She welcomed Thursday's report and said: "The issue of dementia in football grew from a flickering ember to a raging fire. As uncomfortable and unsettling as it was for the football authorities, this was the reality.

"Former players were dying and nobody gave a damn. So today, to read the findings of the DCMS committee report has finally, after too many years of struggle, given me and my family a bit of hope that change will come, because no longer will the governing bodies be left to their own devices."

She hoped the recommendations on reporting of head injuries were acted upon.

"You can work in a warehouse and get knocked out and it gets reported, but if it happens at a football match, nothing," she said.

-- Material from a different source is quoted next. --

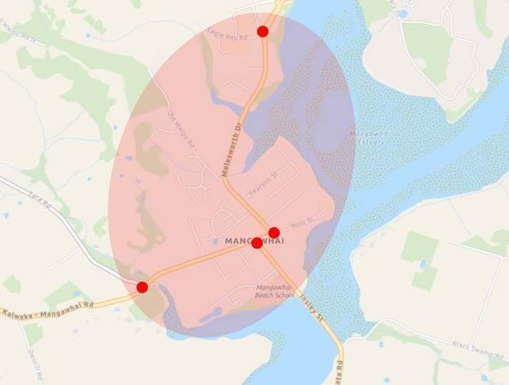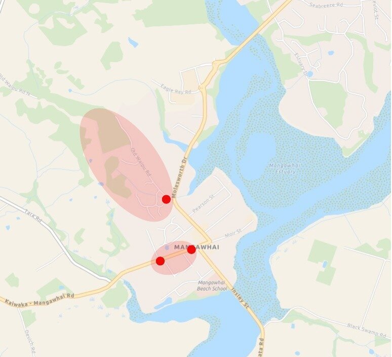 Moir Street between Insley Street and Kagan Avenue/Mangawhai Domain remains closed with an active police cordon in place, as does Old Waipu Road.
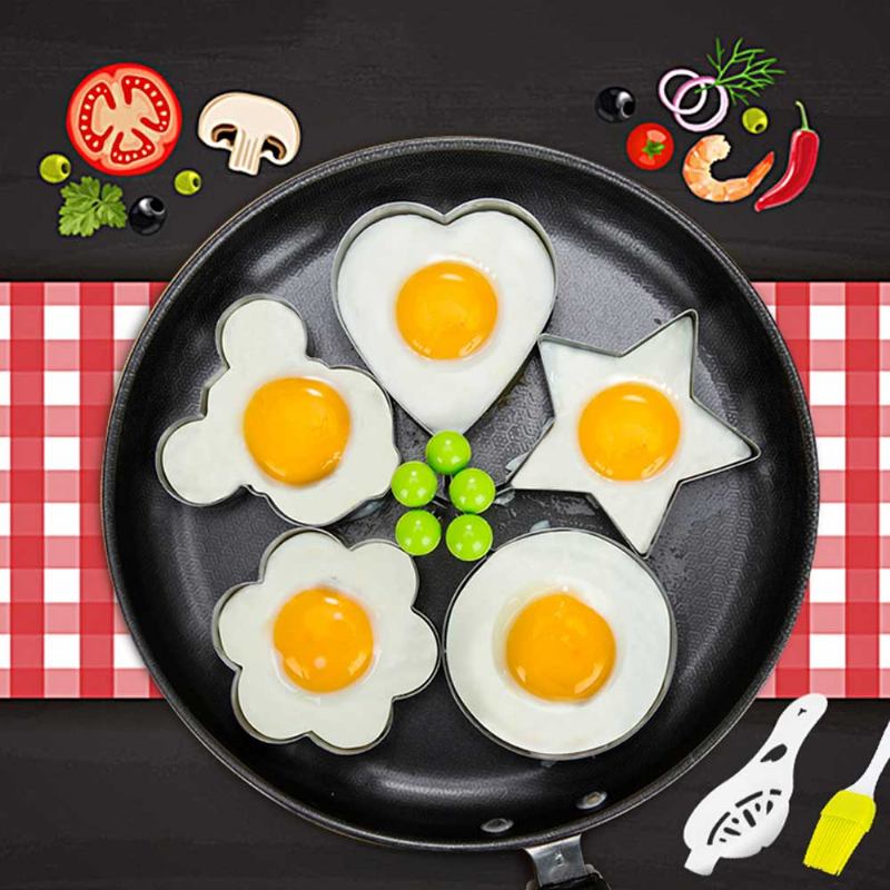 Καλούπι Για Τηγανητά Δαχτυλίδι Αυγών, Ειδικά Σχεδιασμένο Για Το Μαγείρεμα Αυγών Ή Τηγανιτών, Κατασκευασμένο Για Να Φτιάξετε Ένα Απλό Diy Μόνοι Σας, Κατασκευασμένο Από Ανοξείδωτο Χάλυβα Υψηλής Ποιότητας Τροφίμων + Λαβή Pp, Με Πέντε Διαφορετικά Είδη Σχήματος, Ώστε Να Μπορείτε Να Κάνετε Diy Αυγά Και Τηγανίτες Διαφορετικού Σχήματος.

"Because it's sport, it doesn't matter. Football is a sport enjoyed by millions of people around the world but to my dad it was just his job. He should be afforded the same protection from known risks as in any other job."

The HSE appeared to push back on the recommendation, and said in a statement: "On the whole we would not expect to be involved in incidents where sportspeople (either professional or amateur) have been injured during normal participation in a sporting event.

"The exception would be if the premises, equipment or organisation of an event had in some way led to an incident meaning that any injury must be reported."

Jeff Astle died in 2002

The statement continued: "There is a balance to be struck between managing safety and ensuring that people can take part in sporting activities, which bring many health benefits.

"Most sporting activities, by their very nature, present a risk of serious injury to those who voluntarily take part. As a regulator we believe sports governing bodies are best placed to make judgements on the risks and we would expect them to regularly review their rules and procedures as appropriate."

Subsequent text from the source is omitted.